**AIM OF THE TASK:**
Reproduce the records below exactly, but only between the lines holding "新 PNS-312E NIJP 深皿 105×40・230ml ¥1,260" and "2. Pokoik w studenckim kontenerze mieszkalnym", inclusive.

**MATERIAL TO PROCESS:**
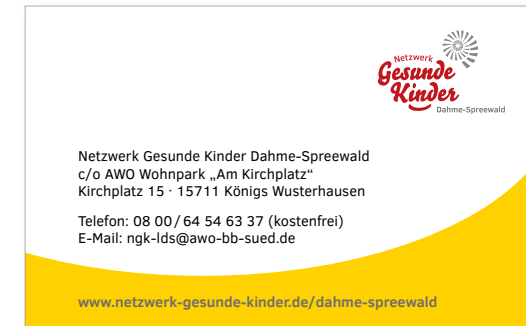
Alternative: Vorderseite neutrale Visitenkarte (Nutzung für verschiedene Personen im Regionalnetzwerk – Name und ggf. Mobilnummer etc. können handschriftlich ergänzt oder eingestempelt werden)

---

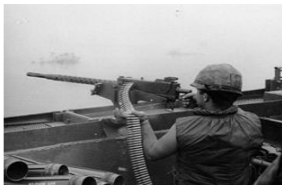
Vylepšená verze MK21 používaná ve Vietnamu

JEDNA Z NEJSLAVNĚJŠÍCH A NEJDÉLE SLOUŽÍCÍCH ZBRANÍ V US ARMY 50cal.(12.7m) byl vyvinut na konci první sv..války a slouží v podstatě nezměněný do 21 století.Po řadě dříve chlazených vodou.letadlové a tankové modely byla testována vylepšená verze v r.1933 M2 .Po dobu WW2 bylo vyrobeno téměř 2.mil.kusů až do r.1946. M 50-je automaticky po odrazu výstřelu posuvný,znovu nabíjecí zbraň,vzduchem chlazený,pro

--

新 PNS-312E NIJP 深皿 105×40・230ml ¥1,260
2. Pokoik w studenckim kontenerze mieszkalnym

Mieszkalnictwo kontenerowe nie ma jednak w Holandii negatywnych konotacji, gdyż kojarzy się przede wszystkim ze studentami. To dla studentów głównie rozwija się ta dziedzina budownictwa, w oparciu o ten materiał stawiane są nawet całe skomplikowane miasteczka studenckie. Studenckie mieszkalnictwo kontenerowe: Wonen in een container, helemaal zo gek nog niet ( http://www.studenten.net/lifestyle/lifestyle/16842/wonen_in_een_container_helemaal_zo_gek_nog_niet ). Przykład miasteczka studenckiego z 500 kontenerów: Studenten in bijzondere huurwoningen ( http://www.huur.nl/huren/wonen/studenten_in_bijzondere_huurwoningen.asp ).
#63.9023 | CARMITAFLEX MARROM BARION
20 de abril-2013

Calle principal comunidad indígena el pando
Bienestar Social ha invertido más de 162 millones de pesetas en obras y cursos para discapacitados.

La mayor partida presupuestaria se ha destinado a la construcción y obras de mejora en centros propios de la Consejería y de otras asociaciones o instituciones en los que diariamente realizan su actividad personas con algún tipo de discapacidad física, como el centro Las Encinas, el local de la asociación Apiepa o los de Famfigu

**TASK OUTPUT:**
新 PNS-312E NIJP 深皿 105×40・230ml ¥1,260
2. Pokoik w studenckim kontenerze mieszkalnym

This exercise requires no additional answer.